As of now, I don’t have a steady job. Still work at the concert venue sometimes. But… more recently, as Albuquerque is gradually becoming a little Hollywood, I got to work on set for a day as an extra for a T.V. show. Coincidentally, I was also invited to a party with the cast/crew of the same show. Despite the new-guy awkwardness that happens in these situations, the whole experience and unfolding of events was an eye opener. And it all has to do with this little quote I discovered:

Fifty percent of the battle ends when you make up your mind.

Jamming with the Alien Baby

Tonight I jammed with Joel and his new/temporary side project, Holy Shit!

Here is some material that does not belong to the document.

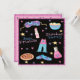 Featuring a tube of lipstick,nail polish,a pizza,a sleep mask, pyjamas and slippers in fun bright colours. Stars and hearts on black make this a really eye catching design and great for any slumber party sleepover.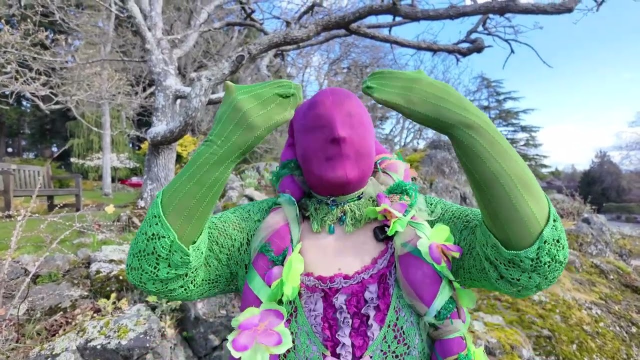 The piece is actively evolving. The linked video, filmed at Government House Gardens, predates the newest audience participation moment: “I’m a Begonia – what are you? I have a friend who tells me they’re a SweetPea, another who says they’re a frog, what are you?…”

Alien Baby.

It consists of musicians who practice, and who don’t, who decide to rehearse, or who decide to just plain ol’ hop onstage on impulse during shows.

Joel told me about it, as they are playing during Flood The Sun’s last two shows before he moves to Los Angeles with his lady, Ashley.

I came up with the brilliant idea to bring my saxophone to practice and play through this harmonizer called a voice box to see if I’d be down to play a show with them, reverting to my unfledged high-school roots as a jazz saxophonist.

Joel is rather more fledged than I, and it was the first time I got to see him put the sexy vibes through my not-so-sexy student alto horn. We missed each other by one year from being in the same jazz band class. Too bad, so sad.

They play two shows. I didn’t know there was one so soon, so I’m bailing on tomorrow night. Maybe I’ll play the next show, just maybe… that is, if my 10-years-out-of-practice mouth, and ego, can handle it.

There’s a load of vomit, and we’re all out of shovels.

Kill Switch, Balcony View

My mom once told me that my Grandpa was trying to become a boxer until the traumatic day he punched an opponent in the stomach, causing him to vomit spaghetti all over the place.

The story was told to me when I was probably 8 years old, but it came back to my memory with such vivid splendor tonight as I was told to clean up a full stomachs-worth of spaghetti on the balcony at Sunshine Theater.

The smell of stomach acid, although consistent in aroma from person to person, is a smell that I’ll never get used to. This wasn’t a simple pile to be sopped up by a mop and bucket, but a series of massive splashes that started on a table top, slapped to the floor, and lubricated the foot steps that had trafficked through it, leaving a slippery 10-foot radius of fun and fragrance.

Tonight would have been the first night working at Sunshine that I didn’t have to deal with bodily ejections, and I almost got away with it.

Sidenote: Killswitch Engage played. I care about that kind of music as much as I care about seeing McDonald’s on roadtrips… but the drums sounded super good.